Thankfully this is not a video of me singing.

Recently I was hiking with my toddler. We were having a nice time looking at trees, touching boulders, eating snacks, when for some unknown reason she was suddenly and furiously done with the hike. Food, drink, walking, carrying, warm clothes, none of it made a difference.

The problem was, we still had a mile and a half to go back to the trailhead, a short but suddenly monumental distance.

So, I stuffed her back in the carrier and speed hiked/jogged as fast as one can with 25+ pounds of crying kid on your back, while navigating a rocky, leaf-covered trail and trying to distract her with songs.

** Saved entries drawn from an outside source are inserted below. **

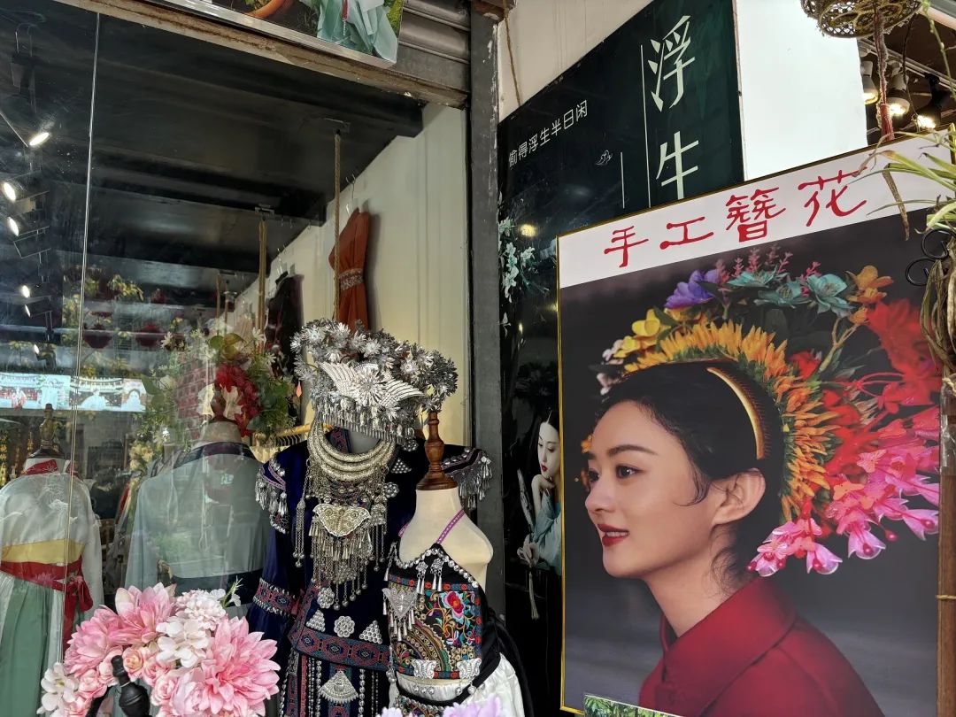 商家纷纷转型,全镇有超80家簪花店自从去年簪花开始火起来之后
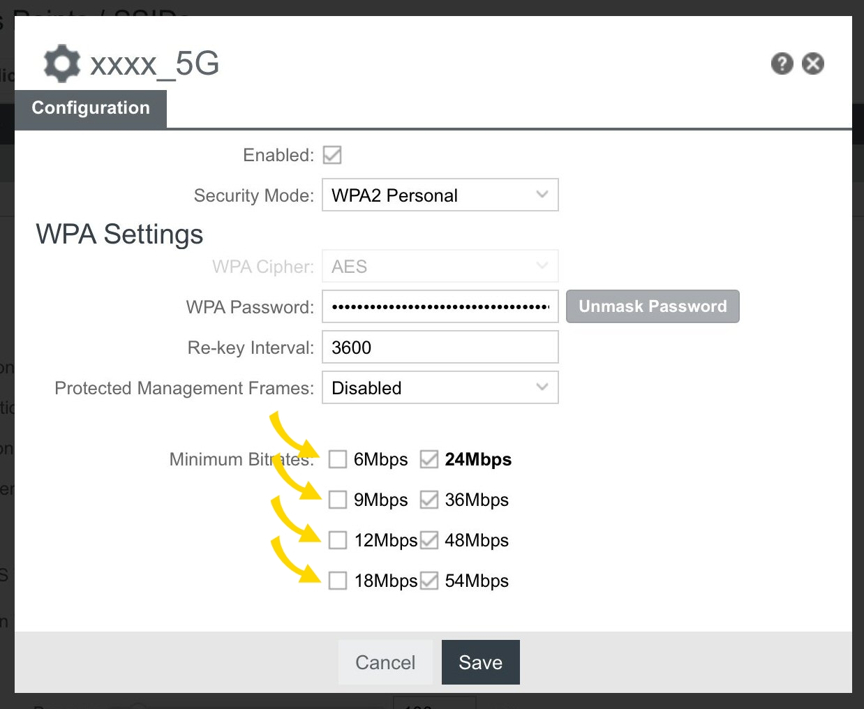 - Disable bitrates less than 24 Mbps and then Save:
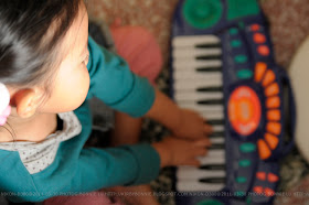 | 等媽咪準備好東西出門的期間, 她突然自己在地上彈琴, 還有模有樣的在調音, 調到喜歡的就邊擺動身體邊彈琴。 |

Thus arrived my second problem. Despite having 3,000+ songs on my computer and iPod (back at home), I could no longer think of anything decent to sing for longer than a single verse. I blame my initial brain freeze on the sobbing behind my ears.

I eventually managed to recall:

  • “The Wheels on the Bus” (pros: I know all the words, and my toddler was mollified; cons: I was not allowed to stop singing it);
  • “Loch Lomond” (pros: I genuinely like the song and the chorus is about walking —  “you take the high road and I'll take the low road”; cons: I have trouble remembering much beyond the chorus, and my Scottish accent needs work);
  • “The Titanic” song, despite (or because of) its morbidity factor, thanks to summer camp;
  • and my own rendition of “Val-deri,Val-dera, with my toddler on my back.”

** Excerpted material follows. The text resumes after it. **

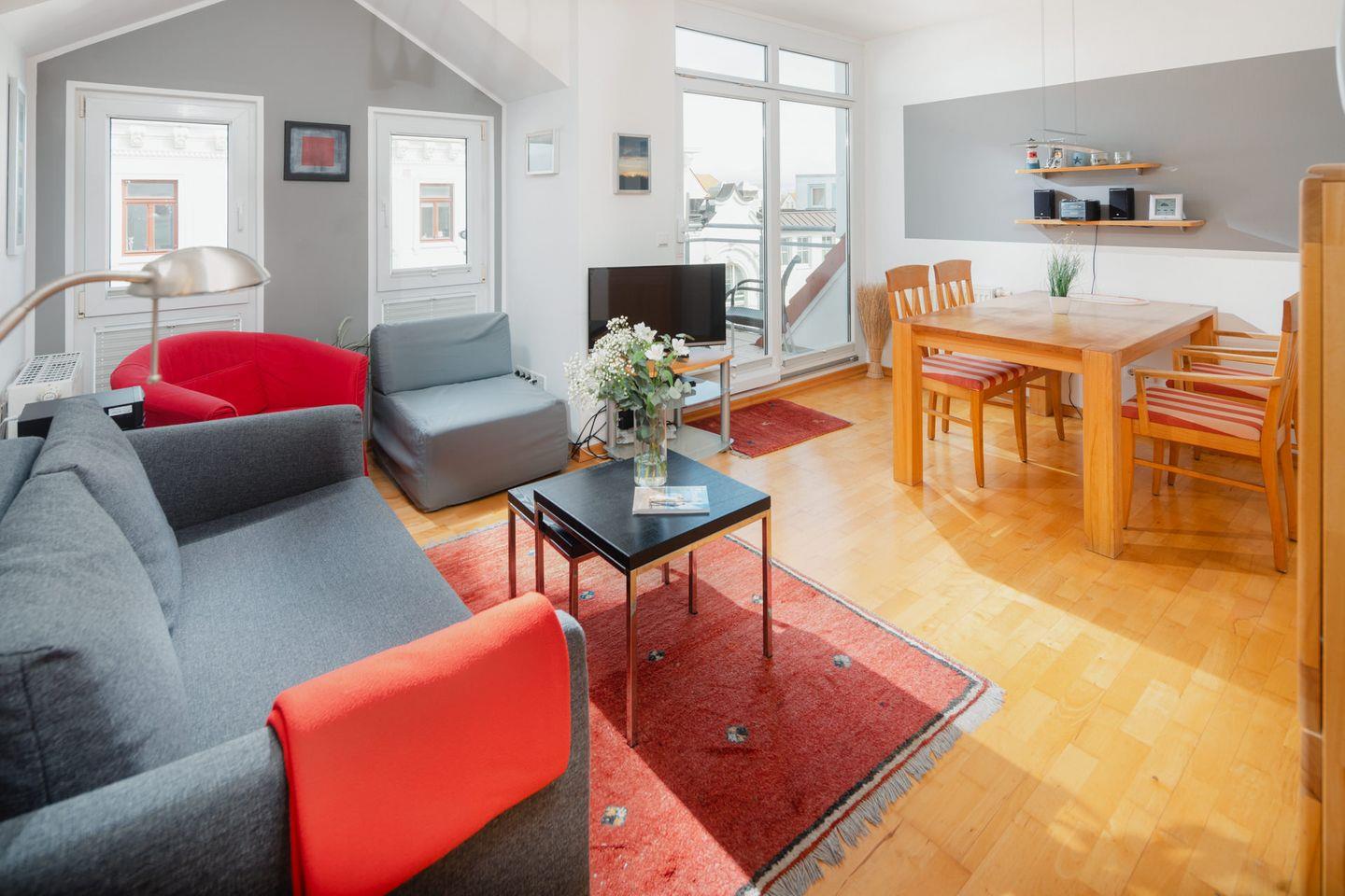 Ein besonderes Highlight sind die zwei Balkone der Wohnung. Ob beim Frühstück in der Morgensonne oder bei einem Glas Wein in den Abendstunden - hier können Sie die frische Seeluft und den Ausblick in vollen Zügen genießen.

Not my most impressive of playlists.

Back at home I Googled hiking songs and quickly found some of the worst (I'll spare you further suggestions, lest I'm guilty of planting “earworms”) and many camping/hiking/marching songs. However, there's no consensus on what, if anything, makes a song a good hiking song, versus a song about hiking (à la “The Happy Wanderer”), or just a song often sung outdoors (“Kumbaya” comes to mind here).

I think a good hiking song needs to:

  • be a good song to begin with (an annoying song will not become better due to a change of scene);
  • stand up to repetition (lest you ruin a good song forever);
  • be easy to sing (in your head or, in certain dire circumstances, out loud);
  • be appropriate for all ages (folk songs have an advantage here);
  • and, be easy to recall in full (even when someone, who you're carrying, is sobbing for you and you're descending a field of leaf-covered boulders).

I'm now working on a mental play list of good hiking songs that I can (hopefully) recall without much prompting. First up, full rounds of “Loch Lomond” and “Ob-La-De, Ob-La-Da.”

Got any other suggestions? Or am I doomed during times of duress to remember only tunes that were locked in my memory back at Grange camp?